Collected data below:

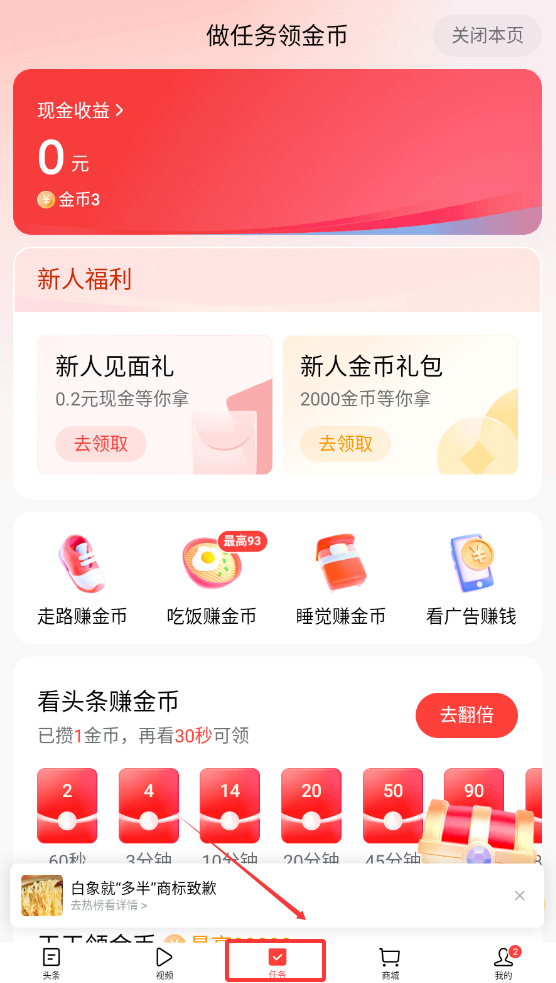 1、点击底部菜单栏的任务图标通常显示为金币或红包样式,进入任务中心后,即可看到各类可完成的任务,如阅读新闻、观看视频、签到等。
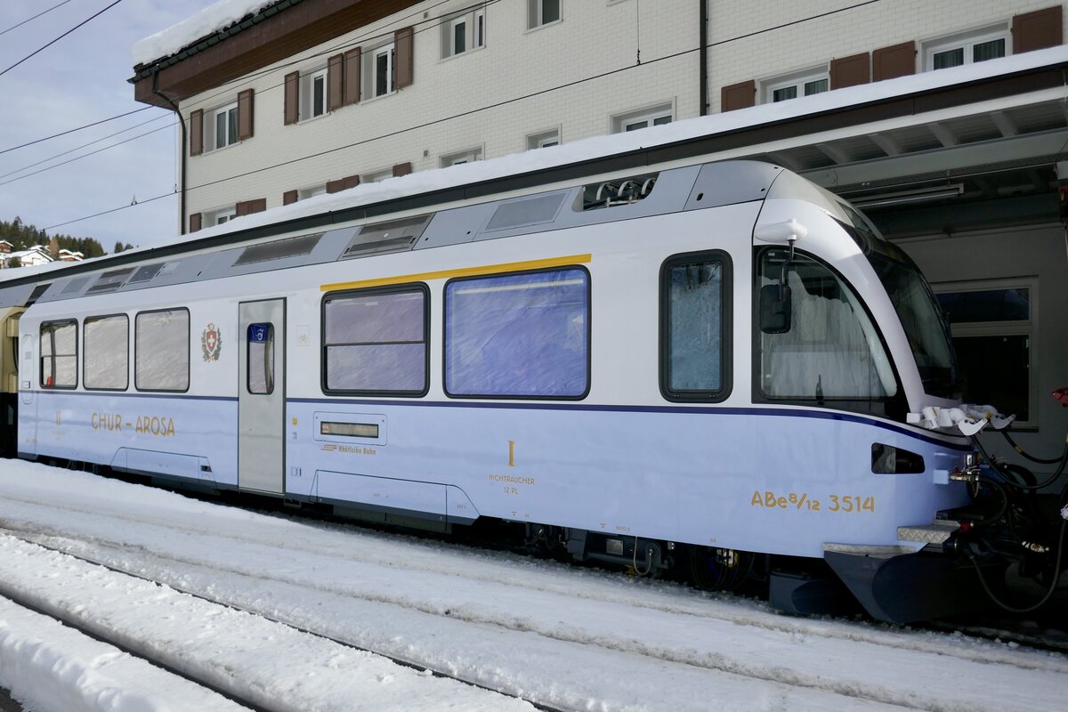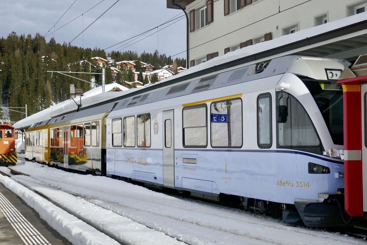 Der ABe 4/4 35114 vom  Ahnenzug  im Design der Arosabahn von vor der Fusion mit der RhB am 26.12.23 im Bahnhof Arosa.
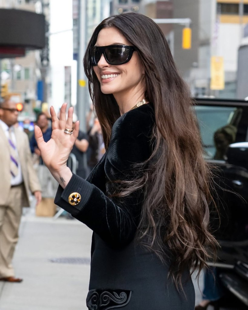 In an era where fashion constantly looks forward, Anne Hathaway proves that sometimes the most powerful statements come from the past. Stepping out for a late-night appearance in New York, the actress turned heads in a rare vintage piece from Versace’s Fall/Winter 1991 collection—an era defined by bold silhouettes, unapologetic glamour, and the unmistakable supermodel energy of the early ‘90s.

End of Collected data.

> _Work required_: What is needed is the exact run of lines from the start of the data through the line with "Der ABe 4/4", both ends included, minus the pictures.

> _Answer section_:
 1、点击底部菜单栏的任务图标通常显示为金币或红包样式,进入任务中心后,即可看到各类可完成的任务,如阅读新闻、观看视频、签到等。
 Der ABe 4/4 35114 vom  Ahnenzug  im Design der Arosabahn von vor der Fusion mit der RhB am 26.12.23 im Bahnhof Arosa.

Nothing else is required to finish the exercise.